Alinor shrugged. “I’ll take it back home if you don’t want it. I can use it for treating fevers.”

“No, no, I’ll buy it. It’s good to have it in stock, even if there is little call for it. What shall I give you for the water of aconite and the other oils?”

“Six shillings,” Alinor said boldly.

“Now, now, I have to pay rent on my shop, and a servant to keep the shop. I can’t spare that. But I will give you four shillings for them all.”

“Six shillings,” Alinor insisted. “For the twelve bottles. And the bottles and corks returned to me.”

“You drive a hard bargain,” he conceded. “As a beautiful woman may do.”

Alinor unpacked the bottles onto his stall and he produced empty bottles from a basket at the back.

“Here, I’ll give you a couple of extra bottles and corks,” he said. “For the wolfsbane.”

“Thank you.”

“Bring me some more next monthly market,” he said. “And I’ll buy dried herbs by the ounce, also.”

“I have some drying now.”

He leaned towards her. “Can you make me something to restore manhood?” he whispered. “I have a customer who would be glad of it.”

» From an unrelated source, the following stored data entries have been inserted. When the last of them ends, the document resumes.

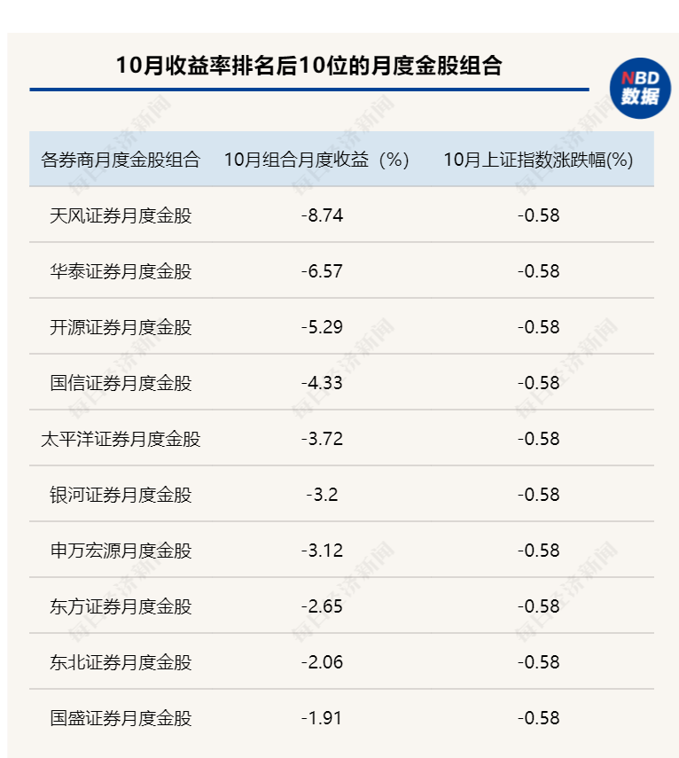 其中天风证券金股组合的收益率已连续两个月排名行业倒数第一,此外,华泰证券、东方证券、东北证券等券商9月的金股组合收益同样表现不佳。
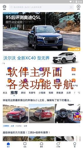 打开软件后,首先进入的是首页,这里汇集了主要功能入口,用户可以根据需求点击查看,同时还能浏览各类汽车资讯,补充相关知识。
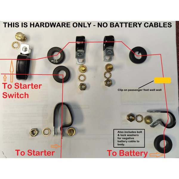 Comes with everything in first picture +..... Bolt and Internal & external lock washers for negative cable. Also retention clip in passenger footwell for Positive cable.

“I don’t have a recipe for that,” she said, discouragingly.

“You will have, I know you will have. It’ll be horny goatweed and bull pizzle, ginger and something like that, boiled up together.”

She shook her head. “I don’t have a recipe. I can’t get hold of such ingredients and if I could, I would not,” she said. “I don’t do anything of that sort.”

He snorted disbelievingly. “Don’t tell me that you turn away good business?”

“I do,” she said steadily. “I make the herb remedies because I know what they do. The goodness, the God-given goodness, is in the plant, a gift from God Himself. But anything with charming and special words is halfway towards magic. My mother’d never have anything to do with it, and neither will I. She taught me to use the herbs that we all know, and not dabble in things that are mysteries—if they work at all.”

“And you a midwife!” he said nastily. “I don’t see why you would put yourself above the act. You pull the baby out, why don’t you help the father to put it in?”